Michael Beirut has written an elegant post that summarizes Lou’s career achievements in "The Four Lessons of Lou Dorfsman.”
I knew a more flesh and blood side of the man. I was a young associate editor at The Museum of Broadcasting, which had been founded by William S. Paley 1975, when Lou came to oversee the publications after he retired from CBS in 1991.
For the first few years we worked together Lou used the talents of a cadre of designers who had worked for him at CBS and then gone on to set up their own studios. I developed the editorial for exhibition catalogues or screening schedules that we needed, and Lou worked his magic. That process was thrilling to be a part of.
“How long is a piece of string?” is my favorite of his many in-process lines. He said it to our client whenever they were asking for specifics about costs for a project that was just in the brainstorming stage. Something can be anything. It’s the creative challenge to find out what it should be. “M.A., when are you going to go get a real job?” was another line he said, a lot. More about that later.
But what was most distinct about working with Lou was . . . it was FUN! We laughed and laughed over things big and small. He was enjoying being retired from a high-pressured job, and I was too young to worry. We were the perfect partners. His Zorba-like spirit for living filled the office. He was irreverent, funny, boisterous, cantankerous, smooth, polished, charismatic. He loved his community of designers and embraced the knowing spirit that binds those who demand good typography together into a band of brothers.
And they were all men. Lou was from a gender-specific time in big-time design. He didn’t apologize for it and he didn’t’ defend it. There was a raunchy side to his humor, which sparked and crackled when he was with the brethren but was willingly stifled by a sense of decorum around women (or at least around me).
It’s a shame that Matt Weiner never met Lou Dorfsman: the Lou-gene is completely missing from his Mad Men and they are a bloodless, one-dimensional lot in comparison.
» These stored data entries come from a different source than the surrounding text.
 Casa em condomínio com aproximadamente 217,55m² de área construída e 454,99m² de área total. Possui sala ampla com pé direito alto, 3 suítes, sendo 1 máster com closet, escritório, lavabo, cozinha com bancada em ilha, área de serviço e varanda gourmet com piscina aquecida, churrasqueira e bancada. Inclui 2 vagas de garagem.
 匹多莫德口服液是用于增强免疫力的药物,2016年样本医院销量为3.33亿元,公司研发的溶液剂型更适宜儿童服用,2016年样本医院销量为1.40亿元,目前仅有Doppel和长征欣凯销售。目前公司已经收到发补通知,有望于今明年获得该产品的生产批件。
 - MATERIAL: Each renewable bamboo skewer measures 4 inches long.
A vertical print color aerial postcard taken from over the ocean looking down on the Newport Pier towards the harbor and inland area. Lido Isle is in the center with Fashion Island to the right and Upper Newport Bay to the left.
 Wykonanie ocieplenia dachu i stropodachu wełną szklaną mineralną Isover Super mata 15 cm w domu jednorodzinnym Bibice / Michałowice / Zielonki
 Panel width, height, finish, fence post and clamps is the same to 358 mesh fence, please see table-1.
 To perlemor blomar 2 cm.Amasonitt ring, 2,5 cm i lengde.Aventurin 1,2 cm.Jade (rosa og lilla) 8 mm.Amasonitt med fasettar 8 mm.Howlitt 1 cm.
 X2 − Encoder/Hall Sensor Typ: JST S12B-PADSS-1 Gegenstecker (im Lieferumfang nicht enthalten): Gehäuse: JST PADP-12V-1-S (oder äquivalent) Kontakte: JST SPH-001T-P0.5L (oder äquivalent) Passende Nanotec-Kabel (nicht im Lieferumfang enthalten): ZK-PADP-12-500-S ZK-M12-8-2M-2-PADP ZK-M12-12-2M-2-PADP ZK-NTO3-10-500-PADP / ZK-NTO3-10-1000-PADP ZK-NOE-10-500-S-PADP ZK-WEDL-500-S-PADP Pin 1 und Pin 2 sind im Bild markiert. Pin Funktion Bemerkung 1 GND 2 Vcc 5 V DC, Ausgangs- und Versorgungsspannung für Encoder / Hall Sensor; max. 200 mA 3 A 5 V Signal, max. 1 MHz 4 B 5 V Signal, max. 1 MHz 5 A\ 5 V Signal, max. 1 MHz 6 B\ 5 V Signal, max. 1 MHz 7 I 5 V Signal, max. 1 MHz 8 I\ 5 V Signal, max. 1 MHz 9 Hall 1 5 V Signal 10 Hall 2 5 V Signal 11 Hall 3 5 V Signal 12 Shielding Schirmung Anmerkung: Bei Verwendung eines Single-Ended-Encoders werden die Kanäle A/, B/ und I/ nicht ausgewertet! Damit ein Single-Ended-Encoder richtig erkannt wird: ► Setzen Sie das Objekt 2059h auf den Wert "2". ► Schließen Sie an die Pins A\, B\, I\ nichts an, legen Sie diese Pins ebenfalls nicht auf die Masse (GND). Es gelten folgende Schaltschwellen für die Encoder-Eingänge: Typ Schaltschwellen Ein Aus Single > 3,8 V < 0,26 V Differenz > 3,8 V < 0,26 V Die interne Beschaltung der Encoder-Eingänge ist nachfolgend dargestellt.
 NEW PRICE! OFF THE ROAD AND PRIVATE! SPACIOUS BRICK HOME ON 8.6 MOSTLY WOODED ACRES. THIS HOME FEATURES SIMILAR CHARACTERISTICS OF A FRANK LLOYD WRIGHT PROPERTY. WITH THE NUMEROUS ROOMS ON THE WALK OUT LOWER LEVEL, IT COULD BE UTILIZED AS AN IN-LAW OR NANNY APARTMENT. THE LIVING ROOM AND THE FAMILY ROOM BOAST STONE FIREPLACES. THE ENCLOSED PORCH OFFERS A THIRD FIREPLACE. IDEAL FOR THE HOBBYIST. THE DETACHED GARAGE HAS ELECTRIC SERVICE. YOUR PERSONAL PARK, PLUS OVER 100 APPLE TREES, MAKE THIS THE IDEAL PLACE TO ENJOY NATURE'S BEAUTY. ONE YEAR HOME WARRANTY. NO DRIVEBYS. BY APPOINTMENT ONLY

For ten years we worked closely, as his loyalty to William S. Paley meant he was going to continue to keep an eye on Paley's museum venture. He could be a very warm colleague, as he followed the vicissitudes of my dating with interest and advice. He loved to go out to lunch with the publications staff-—he was interested and engaged in everything.
One day, for no particular reason, he gave me a copy of the book about his career, Dorfsman & CBS, with this inscription, “To Dear M.A., Talented, hard working, underpaid . . .a delight to be in her company as an associate and friend-—all best wishes and here’s to a rewarding big career” Lou Dorsfman
It turned out that the piece of string we worked on together was long enough to turn into something "real" for me. It’s cliché to say “he taught me everything I know” but that doesn’t make it untrue.
I can’t match the professional accomplishments, but when things get needlessly grim in the office, I think about his ebullient spirit, and Bronx street kid sense of fight, and insist we all lighten up. For me, that's the best part of his legacy. The Gastrotypographicalassemblage (pictured above) is very nice too.
3 comments:
A beautiful tribute, a more moving obituary than the NY Times, and one that takes you closer to the man. Thank you.
Very well put MA.
It is indeed a wonderful thing to work with a recognized master of your profession. Not only are projects done with artfulness and elegance, but one learns a little of what true professional greatness is.
Glad to have been shown a bit more about Lou.
Thank you. It really is a pleasure to share stories about Lou. He was one of those forces of nature you meet once or twice in a lifetime.